Le borse europee ampliano i ribassi sulla scia del crollo dell'indice Zew tedesco a ottobre. Piazza Affari accusa un calo che sfiora l'1%. A Francoforte l'indice Dax lascia sul terreno lo 0,70%, sulla stessa linea Parigi, Madrid arretra dello 0,75% mentre Londra registra una flessione di mezzo punto.

L'Indice Zew ora è "sottozero". Il principale termometro della fiducia degli investitori in Germania accusa un autentico crollo ad ottobre scivolando a un valore di oltre 10 punti percentuali in meno rispetto il mese di settembre.. Si tratta della decima flessione consecutiva ed è la prima volta - dal novembre del 2012 - che l'indice mostra valori nettamente negativi.

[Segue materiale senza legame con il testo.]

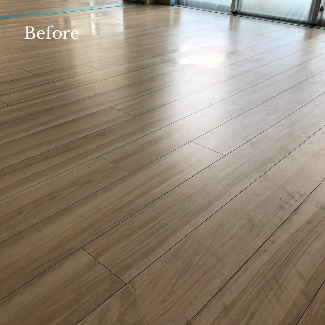 小さい子供が 2 人いて、おもちゃで床をガンガンやったりするので、とにかく傷が目立たないコーティングが希望でした。色々な種類のコーティングがあり、実際にショールームに伺って見比べたところ仕上がりの光沢が高くない方が良いねという結論になりました。ガラスコーティングとも迷いましたが、子供がいるので「塩素系の洗剤で掃除ができる」「傷がついても目立ちにくい」「ガラスコーティングよりも擦りにくい」ということでこちらのコーティングをお願いしました。乾燥期間も要らずコーティングが完了した日から入室できる所もポイントアップです。
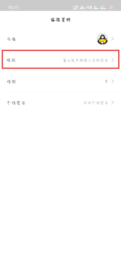 2.进入资料编辑页面后,点击【昵称】一行进入昵称修改页面;
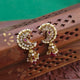 Antique gold finished peacock designed cluster pearl half moon jhumka.

Questo indicatore è considerato decisivo da tutti gli analisti internazionali. Rappresenta un'indicazione basilare per poter avere indicazioni complessive sull'andamento dell'economia tedesca. Tutte le volte che la Germania inzia ad esprimere valori negativi dello Zew, il Paese entra in recessione.

D'altra parte, con il blocco dell'export in Russia - che rappresentava il primo mercato per le esportazioni tedesche - e il contemporaneo crollo delle economie europee della Zona euro, derivato dalle folli politiche di austerità imposte dalla Germania al resto della UE, che altro ci si poteva spettare?

E c'è ben poco da rallegrarsi, dall'inchiodata tedesca: questa situazione venutasi a creare in Germania produrrà conseguenze molto negative sul quadro già negativo dell'Eurozona. Prima delle quali, la fuga di capitali e lo smobilizzo di quelli investiti in titoli di stato europei. In cima alla lista, ovviamente, ci sono quelli italiani.